OREANDA-NEWS. Breakfast cereal. Baby shampoo. Cough syrup. Dishwasher detergent.

This grocery list is also a list of products that can make you sick. Very sick, in fact, if they aren’t thoroughly tested before hitting supermarket shelves.

Some contain a variety of chemical compounds people are exposed to every day, which could be toxic. Toxins come from just about anywhere—environmental pollution, ingredients in cosmetics or cleaning products, medicines, food additives and pesticides, to name just a few sources.

Before a box is picked off a shelf and dropped into a shopping cart, months of testing went into the contents listed on the label. With new products reaching the market every day, drug makers, food manufacturers and retailers no longer rely on laborious tests to assess data on thousands of chemicals. They rely on researchers using GPUs to help determine friend from foe.
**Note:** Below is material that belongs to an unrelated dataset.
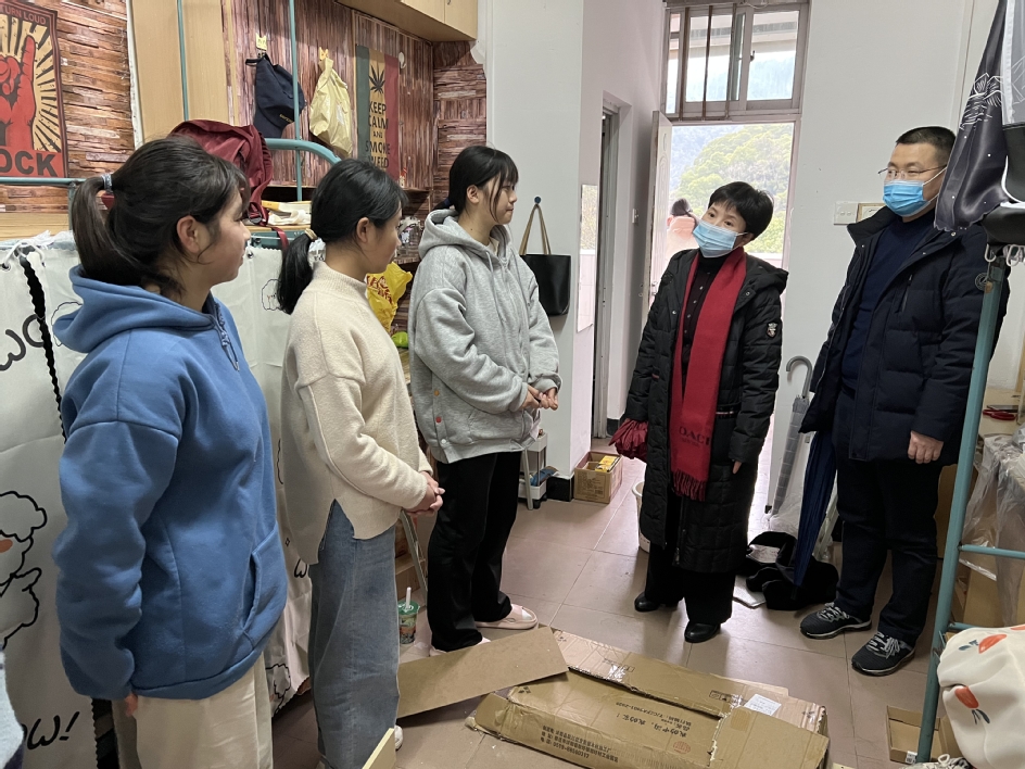 期间,徐子青副书记深入学生宿舍,暖心慰问返校学生,了解学生学习、生活情况,叮嘱学生要严格遵守疫情防控期间的校园管理要求,做好自我管理,养成良好的卫生习惯,保持宿舍通风透气,共同营造安全校园环境。(学工部供稿)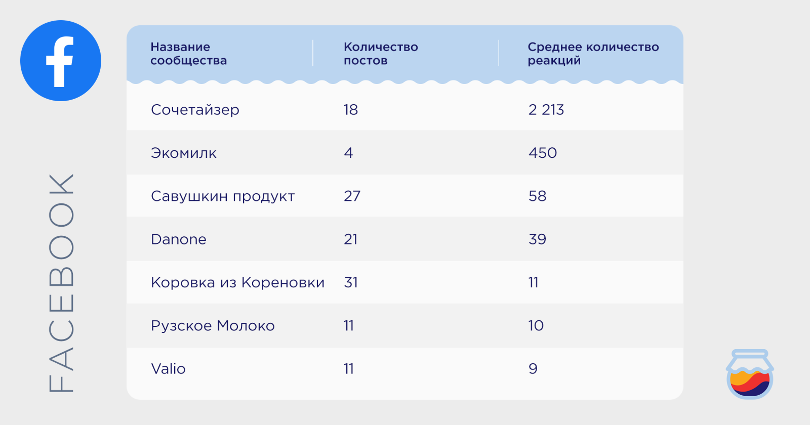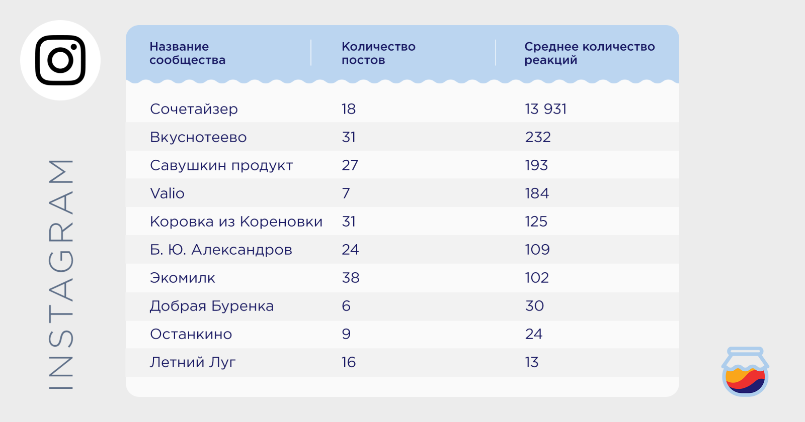 Sostav совместно с сервисом аналитики активности брендов в соцмедиа JagaJam проанализировали активности в соцмедиа наиболее популярных брендов молока и молочных продуктов в июле 2019 года. Ранее, мы уже проводили анализ активности брендов безалкогольных напитков в мае 2019 г., а также автомобилей и автодилерских центров в июне 2019 года.

Big Data, With Computational Power to Match

The Institute of Bioinformatics at the Johannes Kepler University in Linz, Austria, is the first organization to successfully apply a deep network approach for toxicity prediction.

Map Panel is a mock-up showing how deep learning could be used to group compounds together.
This Map Panel mock-up shows how deep networks could be used to group compounds together.
This placed it among five finalists for NVIDIA’s 2015 Global Impact Award. The annual grant of \$150,000 is given to researchers using NVIDIA technology for groundbreaking work that addresses social, humanitarian and environmental problems.

Researchers found the high computational costs of this approach can only be tackled with GPUs.

“High-throughput biotechnology gave us the data—big data—but how do you crack that data? Now, we have the hardware to process the data,” said Dr. Sepp Hochreiter, who heads the institute. “We can use compute GPUs and standard graphics cards to open up the neutral networks and we have access to vast computational power.”

“It’s infeasible for government agencies or big pharmaceutical companies to test for chemical toxicity and undesired side effects using biological methods,” he said. This would mean long test periods and live test subjects. “Using computational models makes it much easier,” Hochreiter said.

Tesla GPUs Crunch Deep Networks Numbers

Deep networks are a type of artificial neural network characterized by a large number of layers and hidden coding units. To tackle the deep networks on toxicity prediction data sets, the institute uses four NVIDIA Tesla K40 GPUs—part of the Tesla accelerated computing platform of GPU accelerators and enabling software.

The GPUs are mounted into a Dell R920 server with four octacore CPUs and 512GB main memory. The programs for training the deep networks on the Tesla K40 GPUs were written in CUDA.

Pharmacophore
Scientists examine pieces of chemical structure to find patterns that indicate reactive centers. Molecules are then classified based on the results.
“At first we started out with small-scale computer graphics cards, the kind that you play games on. But then we got the Tesla K40 cards with huge memory so we could store the data on the card itself,” said Thomas Unterthiner, who is working on the research at the institute, while studying for his Ph.D. “The neural network runs on the GPU—the CPU hardly does anything. It’s the GPU that does all the number crunching.”

Now, using powerful computational models, it’s becoming faster and easier to predict whether a substance may be toxic by interrupting certain biological pathways based on the chemical structure. This helps scientists better determine which chemicals need further testing.

Among the institute’s achievements is a high accuracy rate in toxicity prediction, which this January helped it win the Tox21 Data Challenge organized by a group that included the U.S. National Institute of Environmental Health Sciences, U.S. Environmental Protection Agency and U.S. Food and Drug Administration.